PALMA.- La Fiscalía de Palma pidió ayer
una condena de doce años de prisión para
J.M.M., un hombre de 41 años acusado de
violar a su casera. El hombre se declaró
inocente ante el tribunal de la Audiencia
de Palma que le juzgó ayer por unos hechos
ocurridos en la mañana del pasado 26 de
abril en Palma.
El fiscal sostiene
que el día de los hechos el acusado acudió
al banco para obtener 600 euros y pagar a
su casera el alquiler de un piso, ubicado
en la calle Prunes, en el que llevaba dos
meses viviendo. La acusación sostiene que
el hombre se arrepintió al poco tiempo de
haberle entregado el dinero a la dueña de
la vivienda y le exigió que se lo
devolviera.
Según afirmó la víctima
ante el tribunal, el inquilino le propinó
varios golpes para atemorizarla y para que
le entregara los 600 euros y acto seguido
sacó una navaja, se la colocó en el cuello
y le dijo que la iba a violar.
La
mujer relató que su inquilino comenzó a
tocarle y besarle en los pechos, tras lo
cual le bajó las bragas y le metió varios
dedos en la vagina.

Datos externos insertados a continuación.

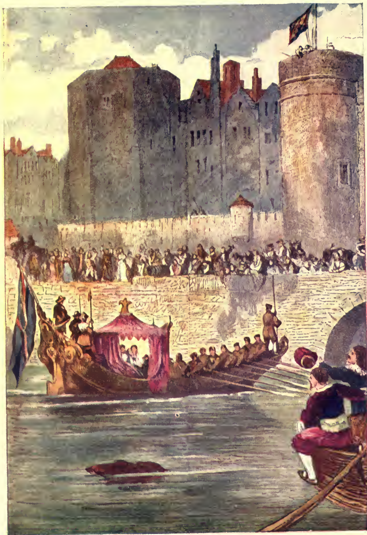
THE BISHOPS SENT TO THE TOWER.
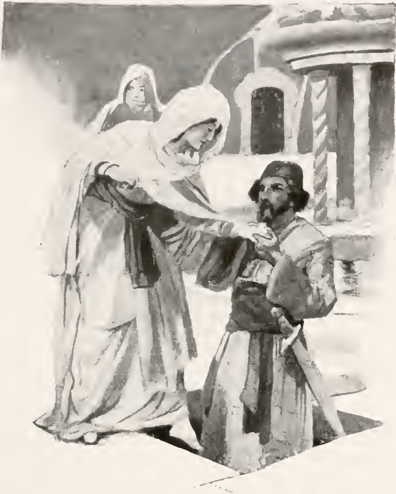
Mustapha and the rescued girls slipped through the opening (P. 55.)

the fountain; having raised one of the flag-stones they would find themselves in the inner courtyard. They would see two towers to right and left of them and, passing through the sixth door from the right hand tower, they would come into the room where the real Fatima and Zoraida were shut up, watched by two black slaves.
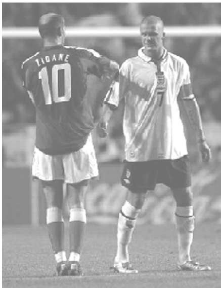
France's captain Zinedine Zidane, left, pats the shoulder of England's captain David Beckham at the end of the Euro 2004 Group B soccer match between England and France at Luz Stadium, in Lisbon, Portugal, on Sunday 13, June 2004. While Beckham missed a penalty, Zidane scored from the penalty spot in the last minute to clinch a 2-1 win for France. Switzerland and Croatia are the other teams in Group B.
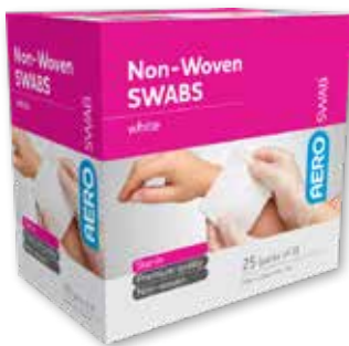
Sterile Non-Woven Swab 3pk | 25bx
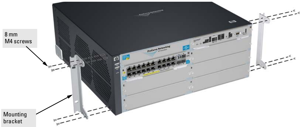
Figure 3. Attaching Rack Mounting Brackets
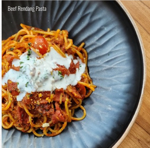
Beef Rendang Pasta
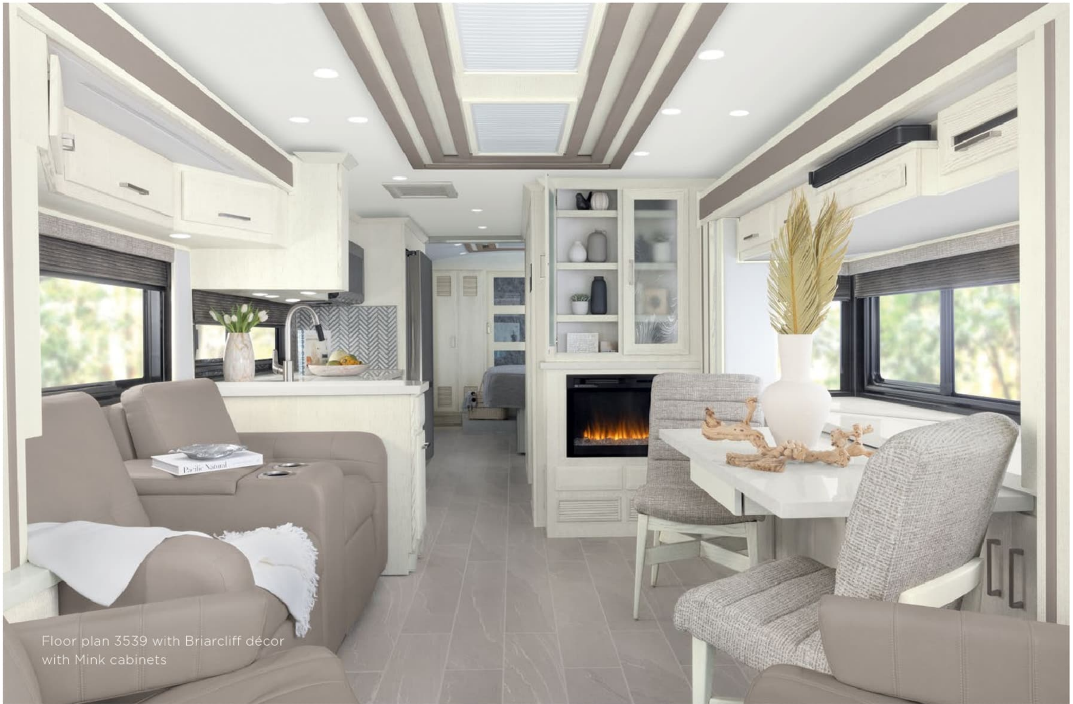
Floor plan 3539 with Briarcliff décor with Mink cabinets
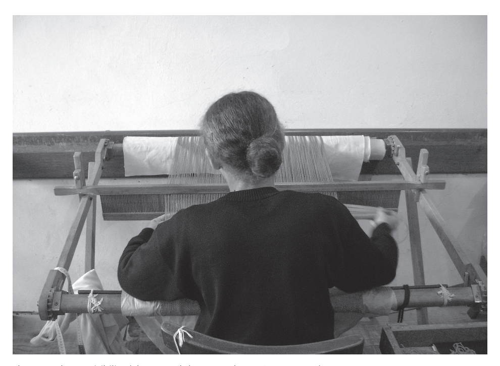
Photograph 1: Invisibility.

With regard to the context of handcraft production in Brazil, 85% is produced by women who are marginalised and invisibilised, without a face and without their signature under the works they produce. The women participating in this study, which was committed to constantly submit and present its results back to them, are
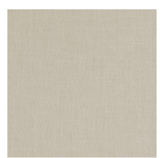
Maldives Rattan 68% Polyester/32% Cotton Approx. 138cm wide Plain Dual Purpose 40,000 Rubs FibreGuard | Flame Retardant
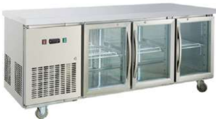
GLASS (DOOR UNDER COUNTER) SIZE : CUSTOMIZED (DIE-140)
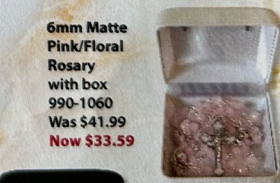
6mm Matte Pink/Floral Rosary with box 990-1060 Was $41.99 Now $33.59
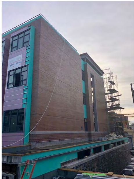
View of Academic Building looking from the Community Building.
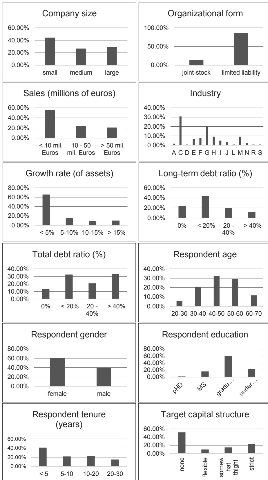
Figure 1. Characteristics of companies (and respondents) in sample
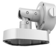
DS-1283ZJ Wall Mount (3-axis Adjustment)
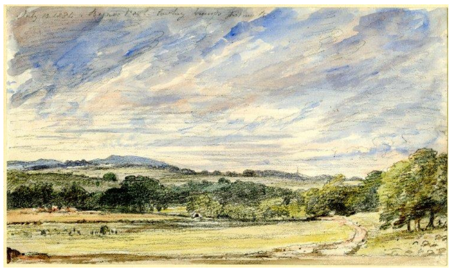
16. Constable, 'July 10 1834. Bignor Park looking towards Petworth'
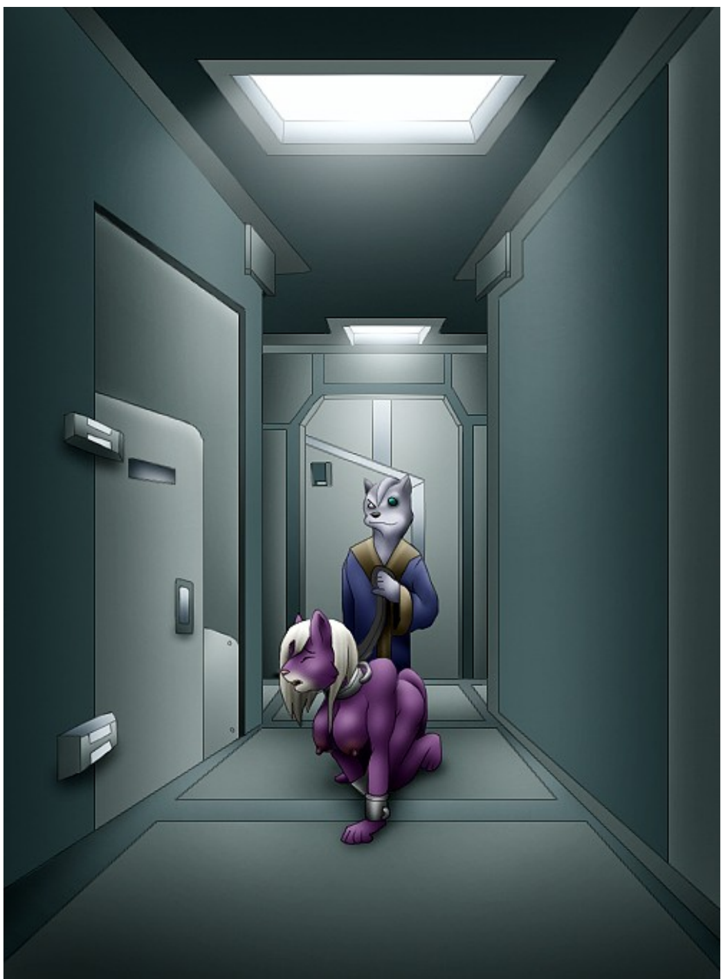
Interior to mimic in Wolf's quarters. Copy Wolf's eye piece. It's different from the game.
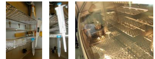
An example of the functionality of the ViVoX TC biosystem. All shelves parts can be autoclaved and replaced. The shelves can also be used for hanging pipettes and test tubes.

The TC Biosystem principles provides an optimal safety against contamination of the processed items as well as securing optimal safety against polluting the environment and secures continuously stable and traceable isotherm and isobar conditions (also for humidity, pO 2 and pCO 2 ) in the workspace and airlock of the ViVoX TC Biosystem™.
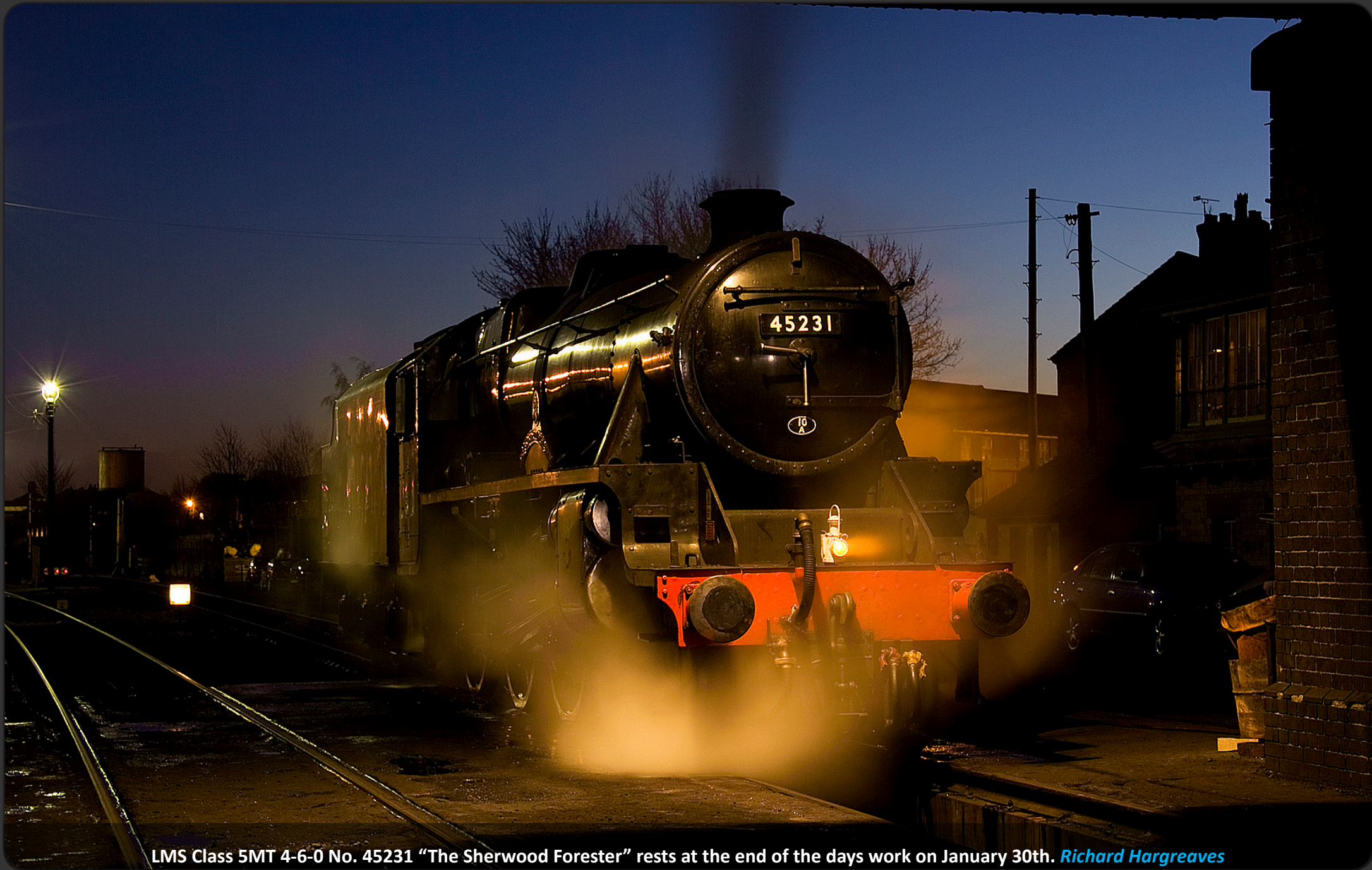
LMS Class 5MT 4-6-0 No. 45231 "The Sherwood Forester" rests at the end of the days work on January 30th.
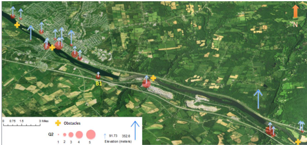
Figure 1. A GIS derived map displaying the elevation (using natural breaks classification method of ten classes ranging from 91.73 m to 352.8 m), obstacles in river such as bridges and dams, business responses to Q2 and position of business locality from the Mohawk River in Amsterdam, NY (background image was obtained from US National map Imaginary (NAIP; 1 ft. resolution). Areas located upstream from obstacles show high chance of being flooded (according to local survey responses) whereas downstream areas show low chance of being flooded. B1 shows an ideal location for a business situated between two obstacles (see text for discussion).
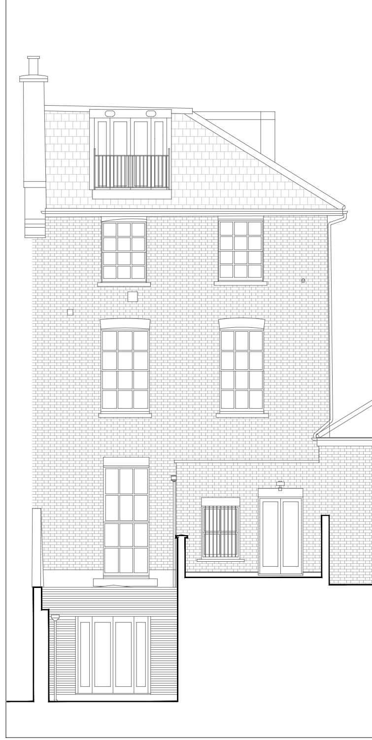
EXISTING REAR ELEVATION (NO CHANGE PROPOSED)
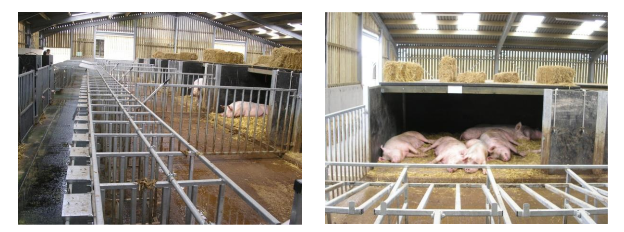
Figures 13 and 14: A group housing system for sows. Individual feeding stalls minimise stress and aggression. These are also used, very briefly, for insemination. Keeping sows in small, stable groups also reduces risk of aggression.

Good production results can be achieved with group housing from weaning and throughout gestation
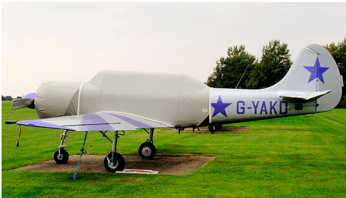
Yak 52 Extended Canopy, Engine & Horiz. Stab. Covers

This cover type is made from Silver Acrylic Sunbrella canvas and is 100% lined with a soft and smooth microfiber. Bruce's Custom Covers developed this material combination especially for aircraft protection. The outer material is medium weight and treated for water resistance, UV resistance and anti-static buildup. The inner lining is a very soft and smooth microfiber to prevent scratching. The material is very reflective, and tests show that the cabin interior temperature can be reduced to near-ambient temperature on the hottest of days. It is water, ice and snow repellent, yet breathable to allow moisture to escape from between the cover and the aircraft surface.
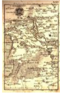
Austria - Burgenland Province (Castle Country) - 1800 (2016.61)
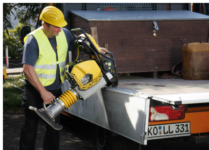
Easy handling Lightweight and ergonomic handle
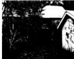
268 - Sweeneys Cottage Eltham 06 - Shire of Eltham Heritage Study 1992
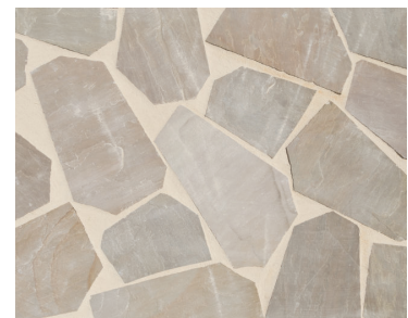
Tennessee Tan Artisan Irregular Flagstone
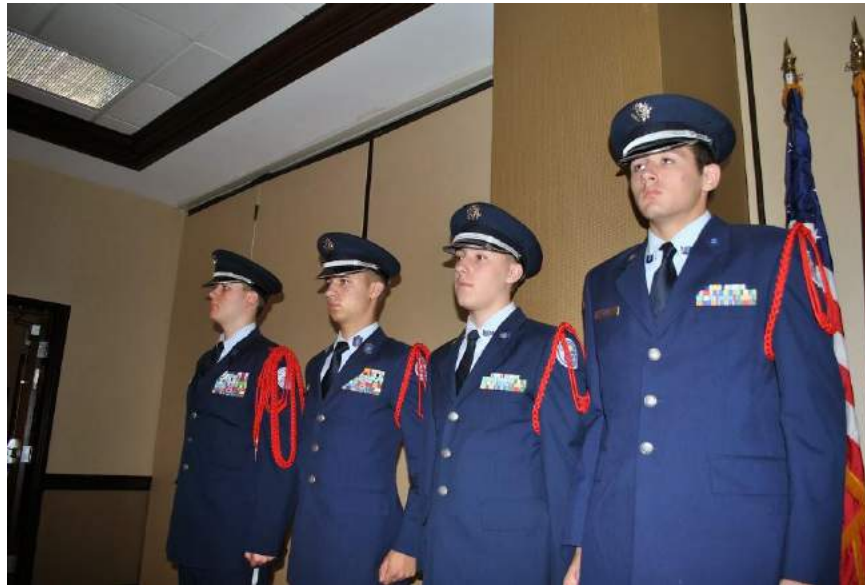
Branson High School AFJROTC Color Guard

La víctima se quedó
paralizada ante el temor de que pudiera
clavarle el cuchillo, pero al poco tiempo
comenzó a gritar, lo cual asustó al
acusado, que pensó que algún vecino los
podría haber oído y entrar en la casa de
modo que optó por liberar a la mujer y
marcharse.
En el momento de
producirse los hechos, la mujer estaba
cuidando de sus dos nietos. El mayor de
ellos, de dos años de edad, presenció como
el inquilino forcejeaba con su abuela.
El acusado negó su implicación en
los hechos y sostuvo que ese día se marchó
a Menorca, pero que antes de marcharse
acudió al médico porque seguía un
tratamiento de metadona. El hombre fue
detenido en Menorca un mes después de haber
ocurrido los hechos.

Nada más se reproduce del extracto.